While going through the process of becoming a primary examiner, I developed a simple approach to every application before me. I viewed the first action as the most important act that would dictate course of the remaining prosecution. A great majority of my time allotted per BD was spent searching for the art most relevant *to the invention.* Sure, claims as filed were very broad, but when a prosecutor saw the art I presented, the claims were most often amended accordingly. There was never a need to search again except for art that published since my first search. This worked well for everyone involved. I continued examining this way until I left the PTO, but not without someone challenging me from time-to-time. I had no fear of these challenges. Each time I confronted the accusers, and they would melt away.
The point of all this is that the PTO management does not appreciate any philosophy of providing assistance to the applicant, which works to reduce unnecessary continuations and result in the most efficient disposal of applications. If the PTO would embrace and promote professionalism, the position of examiner would receive more respect, and more would decide to continue examining as a career. (The above comment about “Office Space II” is so true.) It would reduce unnecessary continuations of all kinds and provide an atmosphere of greater efficiency.
The "above comment" was -->
EPA - what strikes me about the "sweeping changes" [for reform of continuing applications] the USPTO wants to implement is that, for the most part, only USPTO management seems to like them. Patent attorneys don't like them. Patent applicants don't like them. Patent examiners don't like them. Yet, USPTO management does not seem to care (or want to listen). I have a great idea for new movie: "Office Space II - PTO Commissioner Lumbergh"

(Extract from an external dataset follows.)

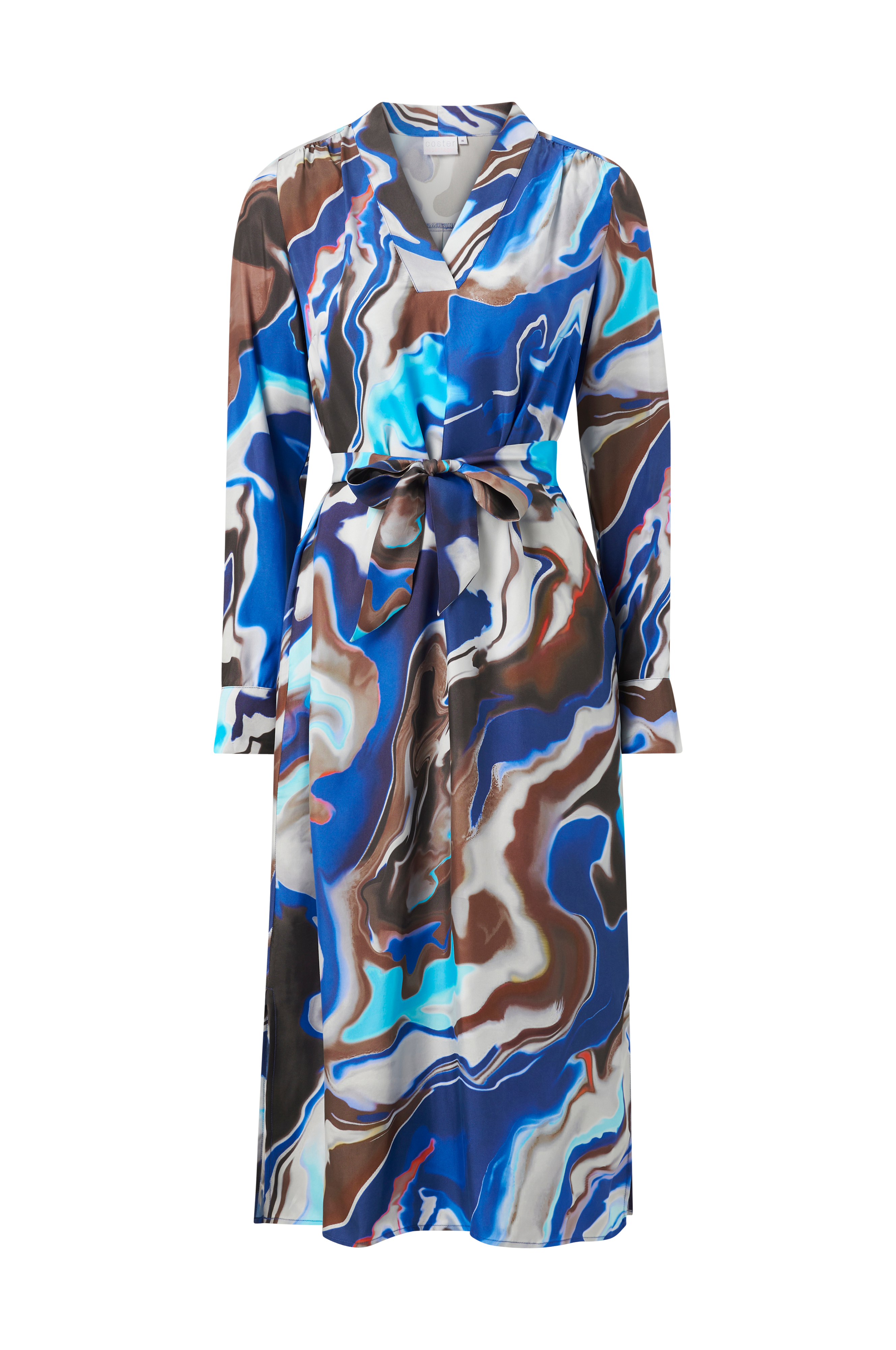 • Lang model med vidde og bindebælte• V-formet halsudskæring• Langt ærme med manchet• Indlagte sidelommer• Slids nede i siderne• Fremstillet af mønstret satin• Længde: 121 cm i størrelse 36

Further to various discussion of whether the proposed rulemaking on continuations is "dead as a doornail" or vibrant, recall some text from Robert Clarke:
I said the proposed rules were determined previously to be "significant" (not substantive) so we should assume that if the Office went forward with similar final rules they will continue to be treated as significant. One aspect of a "significant" rulemaking is an up to 90 day review at OMB. The review at OMB can result in a return of the package from OMB to the PTO. Note these are standard rule making issues for any "significant" rule making and is not linked to the particular package.
After publication as a final rule there would be at least a 30 delay in the effective date.